On social media, books are trendy. Is reading?

On TikTok and Instagram, influencers turn to books not as great literature, but as set dressing.

By Sarah Manavis

What makes a book worth buying? The cover, the blurb, a recommendation from a friend? It could be seeing it advertised enough times on a train station wall – or, these days, finding it praised by someone you follow online. The real reason, though, is there’s almost always something that makes it sound worth reading: that it’s pacey, it’s eye-opening, it’s written by someone acclaimed. That it’s good enough to keep you off your phone.

Log on to Instagram or TikTok today, however, and you will find that books – and even more specifically, reading – are not primarily seen as a form of art, or even as entertainment, but as a trend-driven accessory. Online, posts featuring stacks of trendy books with colourful covers go viral not because of the quality of the literature – or even to promote reading itself – but because it conveys an increasingly fashionable, pseudo-intellectual aesthetic. On TikTok, books aren’t best read, but simply best seen. 

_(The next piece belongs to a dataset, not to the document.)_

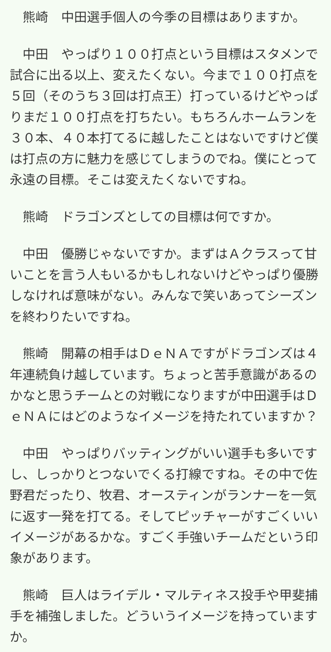 中田翔「目標は優勝。まずはAクラスなんて甘い。優勝しなければ意味がない」

Over the past few months, this has manifested in a variety of trends popularised on TikTok. “Bookshelf wealth”, where people display curated personal libraries to fit an upmarket, “quiet luxury” aesthetic has just under four billion views on the app; “LibraryTok”, in which people film themselves at libraries, has 3.6 billion. While some young people creating this content appear to use the library for its actual purpose – to borrow books – for many, libraries are used simply as a backdrop, where physical books are viewed as “props” for lifestyle and fashion videos (as some book and fashion influencers have noted, this is a much cheaper alternative to buying books to pose in front of at home).

This content sits as a part of BookTok, the section of TikTok largely dedicated to promoting and discussing commercial fiction, especially romance and fantasy, which has become a major boon for the publishing industry in the last four years. Videos that have traditionally sat under the BookTok umbrella have focused on the content of popular novels. But even these are inherently performative: certain books dominate lists as their pre-existing popularity makes the post more watchable and shareable, and videos tend to follow a strict visual formula. On the app, you’ll find countless users bragging about having read more than 35 books in January: the quality of any individual book is less important than demonstrating yourself to be a voracious “reader”.

These trends align with a wider cultural move that sees reading – and books perceived to be high-brow – as cool. In 2021, there was a boom of book clubs led by celebrities, such as the models Kaia Gerber and Emily Ratajkowski focusing on literary fiction (Dua Lipa launched her own last year). Fashion brands have started putting on literary events, such as Prada and Ralph Lauren (with the National Book Award winner Ibram X Kendi appearing in campaigns for the latter). Viral content from the trendiest influencers now features B-roll and backdrops featuring the covers of Annie Ernaux, Rachel Cusk and Ottessa Moshfegh novels. But are these influencers really interested in the books? Perhaps not all. In early 2022, T Magazine published a story on the “notorious celebrity book stylist”: an anonymous figure helping to select chic novels and essay collections for supermodels, influencers and young actors lacking their own literary tastes, so that they might be photographed clutching an appropriately chic novel.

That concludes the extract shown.